SUPPLIED ENTRIES ::
========================
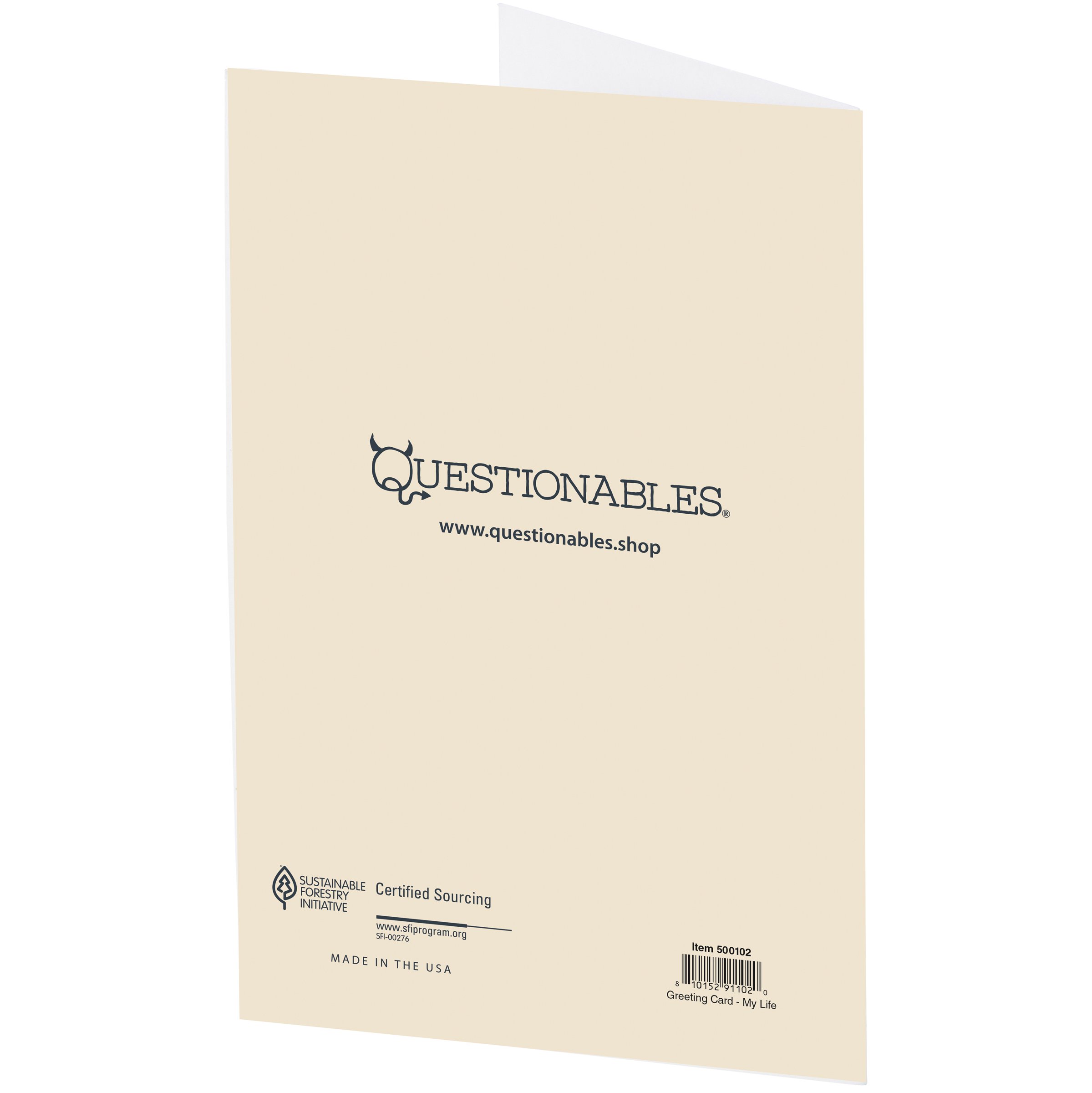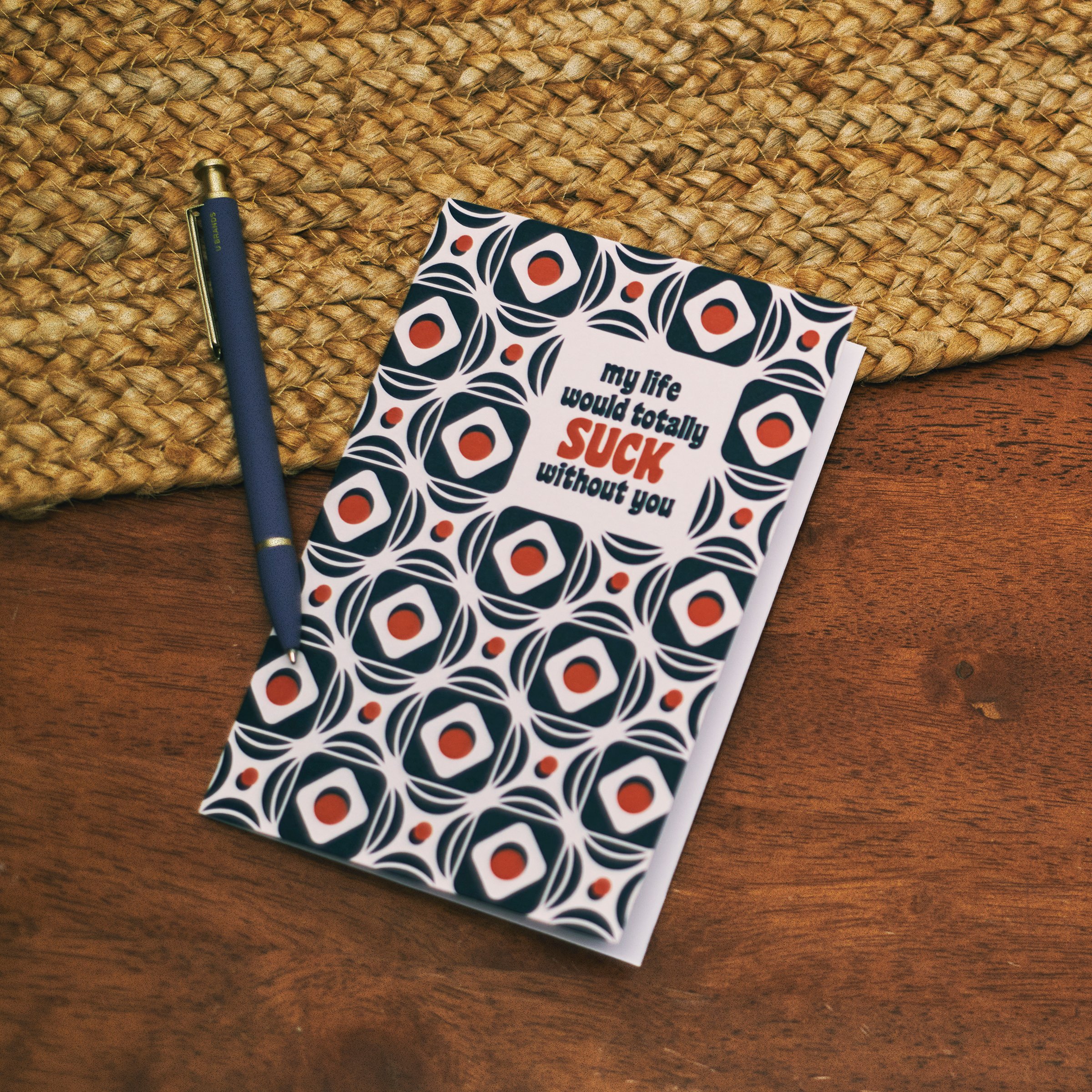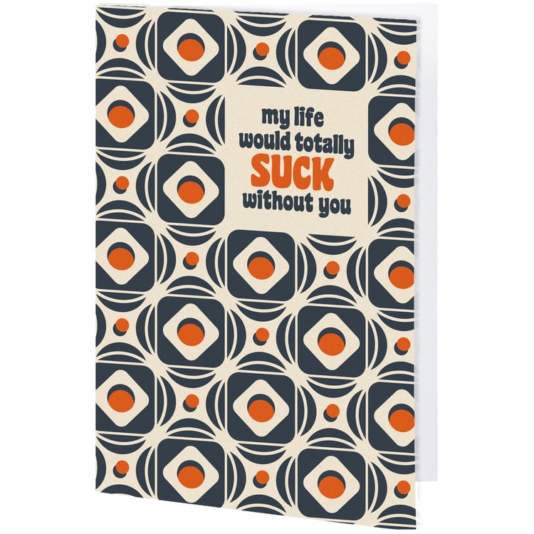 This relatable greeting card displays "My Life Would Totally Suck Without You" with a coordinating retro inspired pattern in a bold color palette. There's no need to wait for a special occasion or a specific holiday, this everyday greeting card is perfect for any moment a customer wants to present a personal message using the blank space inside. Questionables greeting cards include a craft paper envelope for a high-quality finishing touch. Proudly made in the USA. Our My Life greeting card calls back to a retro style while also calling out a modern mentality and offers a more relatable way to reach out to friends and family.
========================
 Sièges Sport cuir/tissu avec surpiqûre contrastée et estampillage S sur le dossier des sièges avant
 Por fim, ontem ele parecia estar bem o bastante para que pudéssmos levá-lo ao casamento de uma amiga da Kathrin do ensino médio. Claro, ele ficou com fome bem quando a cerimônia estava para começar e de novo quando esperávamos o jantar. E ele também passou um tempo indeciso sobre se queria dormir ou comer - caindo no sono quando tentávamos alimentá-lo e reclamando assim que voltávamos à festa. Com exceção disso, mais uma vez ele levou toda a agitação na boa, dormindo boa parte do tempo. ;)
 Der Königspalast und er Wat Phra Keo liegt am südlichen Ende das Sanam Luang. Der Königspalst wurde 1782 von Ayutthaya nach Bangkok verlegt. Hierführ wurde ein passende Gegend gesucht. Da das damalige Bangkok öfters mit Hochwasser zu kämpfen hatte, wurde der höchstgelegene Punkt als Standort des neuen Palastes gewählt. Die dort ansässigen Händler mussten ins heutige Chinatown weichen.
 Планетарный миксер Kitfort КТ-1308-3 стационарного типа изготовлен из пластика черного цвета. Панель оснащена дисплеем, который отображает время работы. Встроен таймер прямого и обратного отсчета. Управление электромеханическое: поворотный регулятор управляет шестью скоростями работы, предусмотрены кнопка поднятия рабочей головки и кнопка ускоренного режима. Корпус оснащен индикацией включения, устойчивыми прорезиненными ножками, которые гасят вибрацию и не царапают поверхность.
========================
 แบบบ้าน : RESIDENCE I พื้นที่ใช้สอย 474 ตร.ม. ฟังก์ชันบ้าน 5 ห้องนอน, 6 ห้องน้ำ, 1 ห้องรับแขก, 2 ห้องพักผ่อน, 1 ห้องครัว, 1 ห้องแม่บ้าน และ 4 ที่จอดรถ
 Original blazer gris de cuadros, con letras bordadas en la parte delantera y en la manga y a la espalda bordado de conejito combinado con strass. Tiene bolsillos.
========================
PROBLEM DESCRIPTION ::
Your task is to list each line of the records with the word "parte".

WRITTEN REPLY ::
 Por fim, ontem ele parecia estar bem o bastante para que pudéssmos levá-lo ao casamento de uma amiga da Kathrin do ensino médio. Claro, ele ficou com fome bem quando a cerimônia estava para começar e de novo quando esperávamos o jantar. E ele também passou um tempo indeciso sobre se queria dormir ou comer - caindo no sono quando tentávamos alimentá-lo e reclamando assim que voltávamos à festa. Com exceção disso, mais uma vez ele levou toda a agitação na boa, dormindo boa parte do tempo. ;)
 Original blazer gris de cuadros, con letras bordadas en la parte delantera y en la manga y a la espalda bordado de conejito combinado con strass. Tiene bolsillos.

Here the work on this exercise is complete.